A family have been threatened with legal action for continuing to home-school their son, despite being told catching coronavirus (COVID-19) could put at least one of their family members at serious risk.
Michael and Heidi Packwood, in nearby Marston Moretaine, have been following government advice and home-schooling their three children during the pandemic.
The family have a range of disabilities which the government says puts some of them at high risk and in the ‘extremely vulnerable’ category.
While the NHS says coronavirus can make anyone seriously ill for those who are ‘extremely vulnerable’, the risk is higher.
Their son, suffers from Tourette’s, ADHD, OCD and anxiety. He goes to Marston Vale Middle School in Bedford Borough, but is not at high-risk so has been told he has to return to class.
However, his mum Heidi suffers from chronic fatigue, fibromyalgia, conversion disorder with seizures, reactive hyperglycaemia as well as asthma and other health conditions.
Their 16-year-old daughter is autistic and suffers from rolandic epilepsy, hemiplegic migraines, and a range of other impairments.
Dad, Michael (49), has been Heidi’s full-time carer since 2009.
They are concerned that if their son returns to school, before they are vaccinated fully, he will put others in the family at risk.
The Department of Education (DfE) said that all children must return to school on 8 March.

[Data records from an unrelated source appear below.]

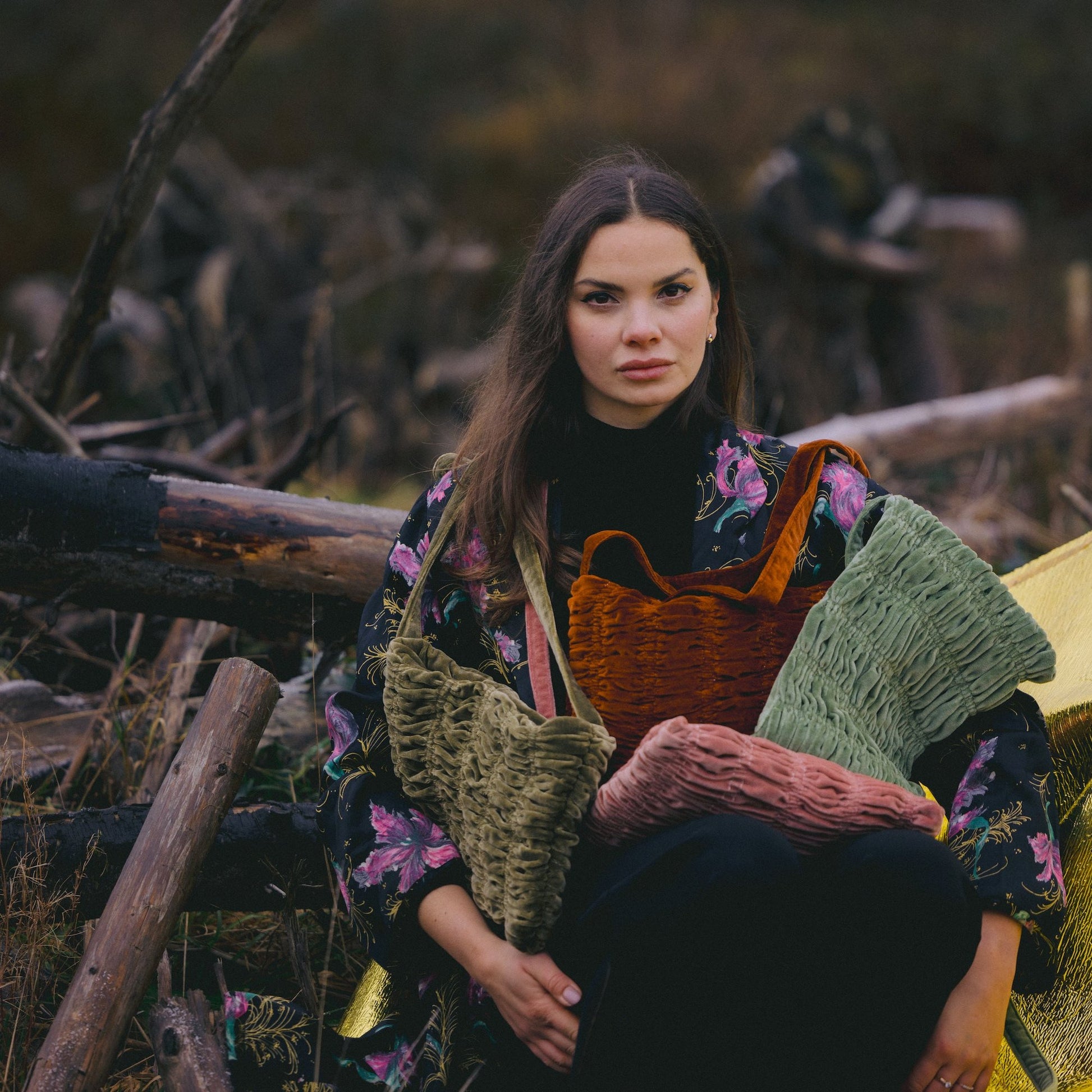 SAGE is crafted from an opulent antique green velvet. It's standout feature is the textured hand-shirred surface, adding interest to its simple yet stylish design.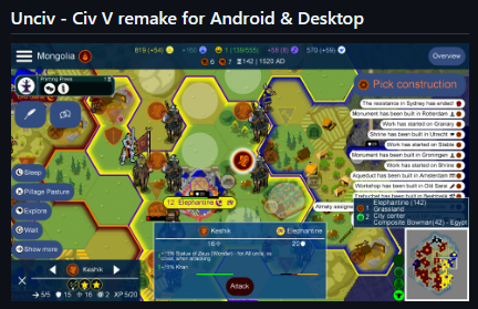 Unciv is an open-source reimplementation of the game Civilization V in Java using LibGDX. It focuses on replicating the core gameplay mechanics in a lightweight, mobile- and desktop-friendly format, supporting both single-player and multiplayer modes. Unciv uses a minimalist art style and text-based UI to deliver a fast, turn-based strategy experience.
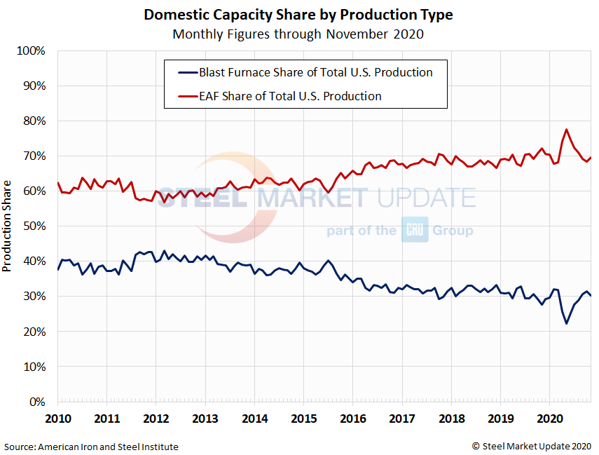 November raw production was 86,000 tons higher than in October, but down 865,000 tons (11.1 percent) compared to the same month one year prior. November production was above the 2020 monthly average of 6,640,000 tons. The January-November 2019 monthly average was 8,064,000 tons.
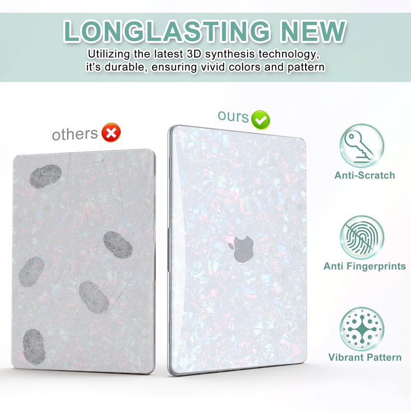 - Complete Bundle: The package includes 1 glitter pearl shell top case, 1 matte clear bottom case, 1 clear keyboard cover, and 1 screen protector. Additionally, please get in touch with us if you encounter any problems, we will work to make it right
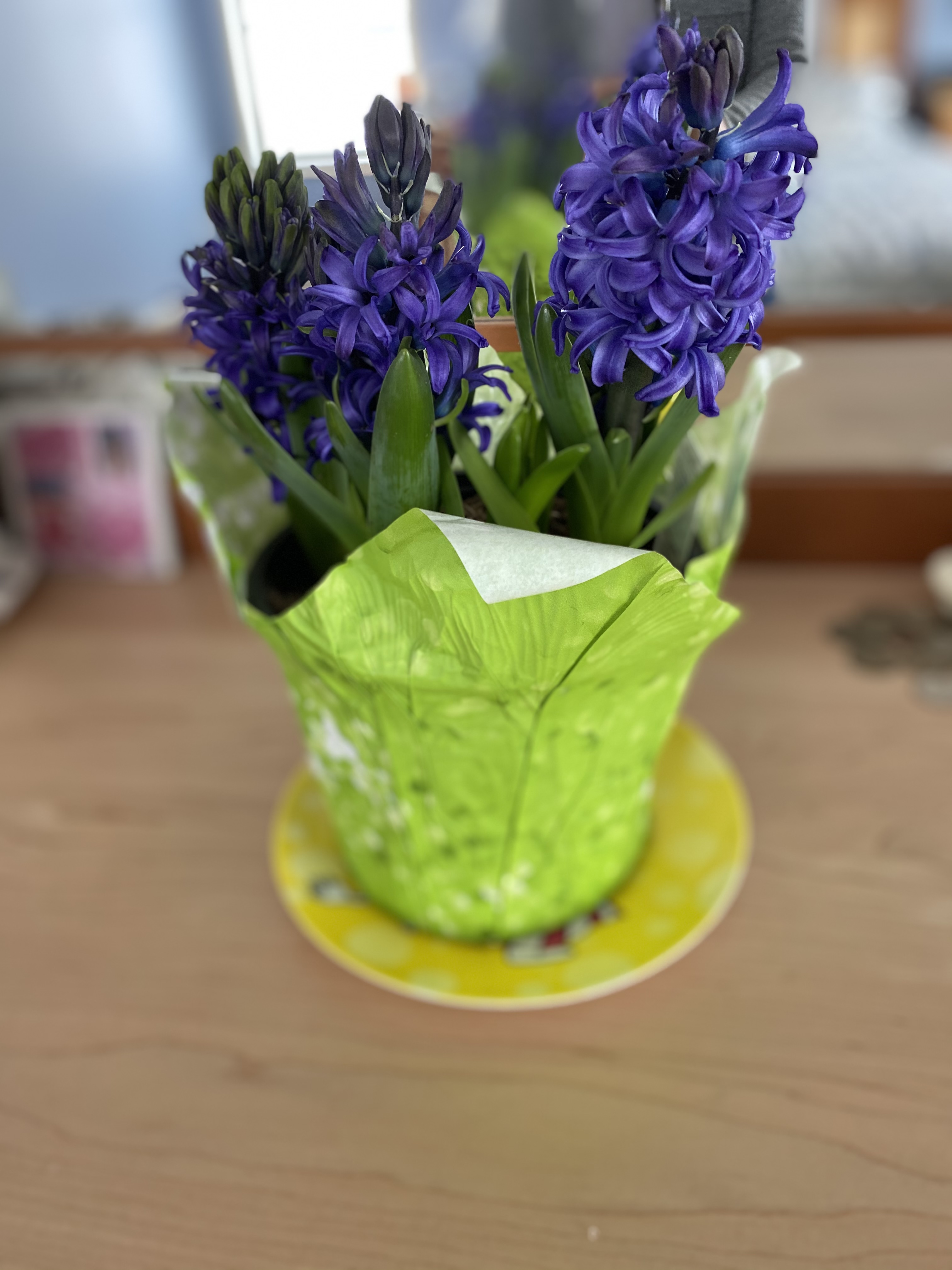 Min nya hyacint placerade jag i sovrummet där den sprider sin härliga, vårliga doft!

However, a government letter dated 17 February 2021 told Heidi she was ‘extremely vulnerable’ and advised her ‘to shield and stay at home as much as possible until 31 March’.
People in this category have been advised to continue with shielding measures, even if they had received both vaccinations.
Due to vaccine delays and the government lengthening time between doses, the Packwoods did not receive their second jab until 12 May.
This meant they will not be fully protected until 2 June, three weeks later.
This clashes with half term (Friday 28 May to Monday 7 June), meaning their son, a Year 6 pupil at Marston Vale Middle School, could not return until after the holiday.
Heidi said: “If everything had been normal at the very beginning, three weeks later we would have had our second one [vaccine], he’d have been back to school.’’
Michael said: “We’ve just been doing what we think has been safe for us.’’
Mr and Mrs Packwood say the school had been supportive and understanding but that this changed over Easter when Harry’s online learning access and free school meals were cut without warning.
Then on 12 May they were left frightened and disturbed by a letter from Bedford Borough Council warning them of possible legal action.
The letter, seen by the Bedford Independent, also said a parenting order could be made if there was not ‘considerable improvement’ in their son’s school attendance.
The Packwoods say his attendance was always good prior to pandemic home-schooling.
They have kept to a strict 9 am to 3:30 pm home-schooling timetable and that “school have said ‘he seems to be making really good progress at home.’’’
What the school says
Marston Vale Middle School is part of The Chiltern Learning Trust. Estelle Jennings, Headteacher sent this statement to the Bedford Independent.
“The health and well-being of our students and staff remain our foremost priority and we have worked very hard as a team to ensure Marston Vale Middle School is a safe learning environment in line with the Government guidelines on the return of face-to-face teaching.
“We fully understand that for many families there is a nervousness about the return to school.
“We have been proactive in inviting discussion on personal circumstances, anxieties and concerns and on the comprehensive safety measures we have in school, however, we have to work with the Government guidelines.
“We have been in close communication with families alongside Bedford Borough Council where necessary, to discuss the specific concerns and circumstances and to explore how we can best support pupils returning to school.”
The rapid growth in the Indian variant across Bedfordshire added to the family’s concerns, particularly as their son falls into the most ‘at risk’ category of 11–22-year-olds.
Year 6 pupils are not required to wear masks and are not regularly tested.
The Packwoods say the school told them if they send their son back and he gets symptoms, they will put work online for him because he would be isolating.
But Heidi added that she’s concerned what might happen if he comes home with the virus and it affects them fatally.
“Who takes the brunt of that? Do we put that on the school? We’re weighing up a lifetime without somebody in the family or a few extra weeks of home-schooling him,” she said.
The Packwoods agree the best place for their son is at school but say they must weigh up the risks to their family.
“If somebody in our family got it, it’d be fatal,” said Heidi and Michael agrees.
“My wife has no immune system,” he said. “[Our son] would never recover from the loss of a family member under those circumstances…we’re not prepared to gamble.”
He added: ‘’Since the beginning, we’ve taken extra precautions with everything. We’ve disinfected our feet when we’ve come home. We’ve cleaned all the food before it gets put away.
“We’ve done everything, and the way we saw it was there’s no point in sending him back to school when there’s no masks.
“There’s nothing really apart from a bit of sanitiser, three weeks before we’re fully protected, it just didn’t make sense to us [to send him back to school yet] so that’s the reason why we’ve been doing what we’ve been doing.’’
We contacted Bedford Borough Council several times but they declined to comment.